Aggregation is to group the rows by a key and grouping function. In spark, the groupby operation will return a `RelationalGroupedDataset` object.

Grouping types in spark include:
- Dataframe level aggregation.
- **group by**: Aggregate using one or more keys and one or more grouping functions
- **window**: Aggregate using one or more keys and one or more grouping functions. Functions are related to the current row.
- **group set**: Aggregate at multiple different levels
    - **roll up**: one or more keys and one or more values, summarized hierarchically
    - **cube**: one or more keys and one or more values, summarized across all combinations of columns

### 1. DataFrame Level Aggregation <a id='sec1'></a>

Common aggregation functions on dataframes are under `pyspark.sql.functions`. Work on columns.
- `count()`: `df.count()` is action.
- `countDistinct()`: can be slow when data is large
- `approx_count_distinct(col_name, prec)`: faster option, take a precision param
- `first()`, `last()`: get first/last value of a column
- `min()`, `max()`, `sum()`, `sumDistinct()`, `avg()`: work as it means
- `var_pop()`, `var_sample()`, `stddev_pop()`, `stddev_sample()`: work as it means
- `skewness()`, `kurtosis()`
    - skewness: Skewness is a measure of symmetry, or more precisely, the lack of symmetry. A distribution, or data set, is symmetric if it looks the same to the left and right of the center point.
        - normal dist. skewness = 0 (symmetry, left/right tails are same)
        - positive skewness: right skew - right tail is longer
        - negative skewness: left skew - left tail is longer
    - kurtosis: Kurtosis is a measure of whether the data are heavy-tailed or light-tailed relative to a normal distribution. That is, data sets with high kurtosis tend to have heavy tails, or outliers. Data sets with low kurtosis tend to have light tails, or lack of outliers. A uniform distribution would be the extreme case.
        - normal dist. kurtosis = 0
        - positive kurtosis: heavy tailed
        - negative kurtosis: light tailed
    
- `corr()`, `covar_pop()`, `covar_sample()`

Spark also support aggregate column values into an array using `collect_set()` or `collect_list()` fucntion.

[back to top](#directory)

In [27]:
from pyspark.sql.functions import countDistinct, approx_count_distinct, col, struct, array
# count, distince count, count coloumn 
df.select(countDistinct(col('StockCode')).alias('DistinctCount')).show()
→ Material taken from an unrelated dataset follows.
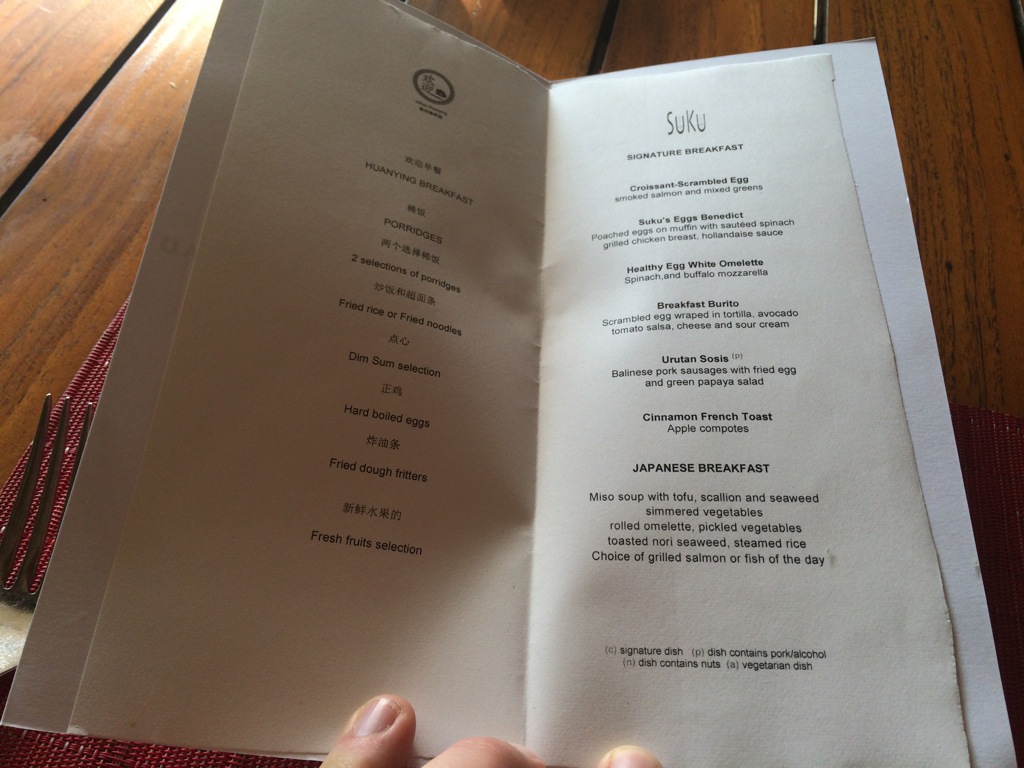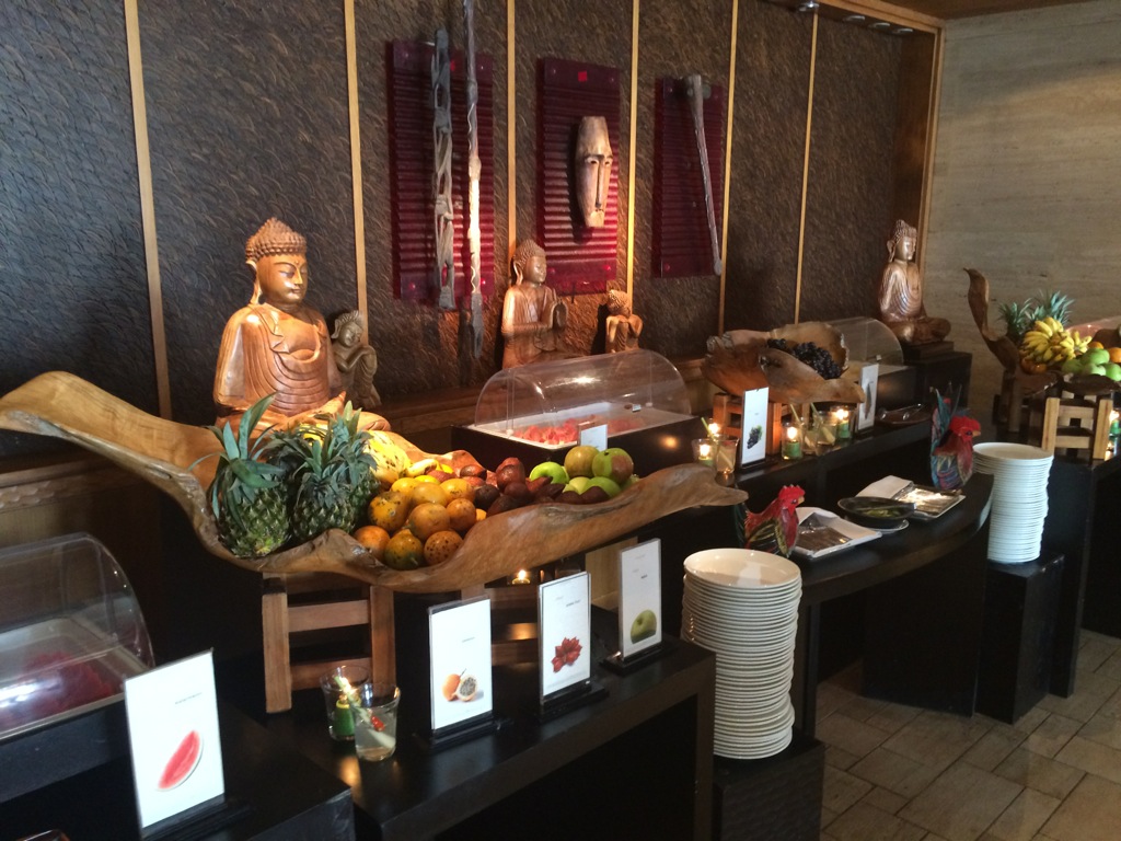 Wer nicht im Suite Bereich übernachtet, oder Zugang aufgrund seines Diamond Status hat, kann das Frühstück im Suku Restaurant unter der Lobby einnehmen. Dabei handelt es sich um ein sehr umfangreiches Frühstücksbuffet mit westlichen und asiatischen Gerichten. Auch einige Speisen können aus einer kleinen Karte bestellt werden. Auch eine sehr umfangreiche Auswahl an Getränken kann bei den Kellnern bestellt werden. Dabei handelt es sich um die selbe Getränkeauswahl wie beim Afternoon Tea im Suite Bereich.

# work faster when data is very large
df.select(approx_count_distinct(col('StockCode'), 0.01).alias('DistinctCount')).show()

# can count distinct multiple columns
df.select(countDistinct(col('StockCode'), col('Quantity')).alias('DistinctCount')).show()  

# this would work on multiple columns but slower
df.select(approx_count_distinct(struct(col('StockCode'), col('Quantity')), 0.01).alias('Approx')).show()

# this would also work on multiple columns but slower
df.select(approx_count_distinct(array(col('StockCode'), col('Quantity')), 0.01).alias('Approx')).show()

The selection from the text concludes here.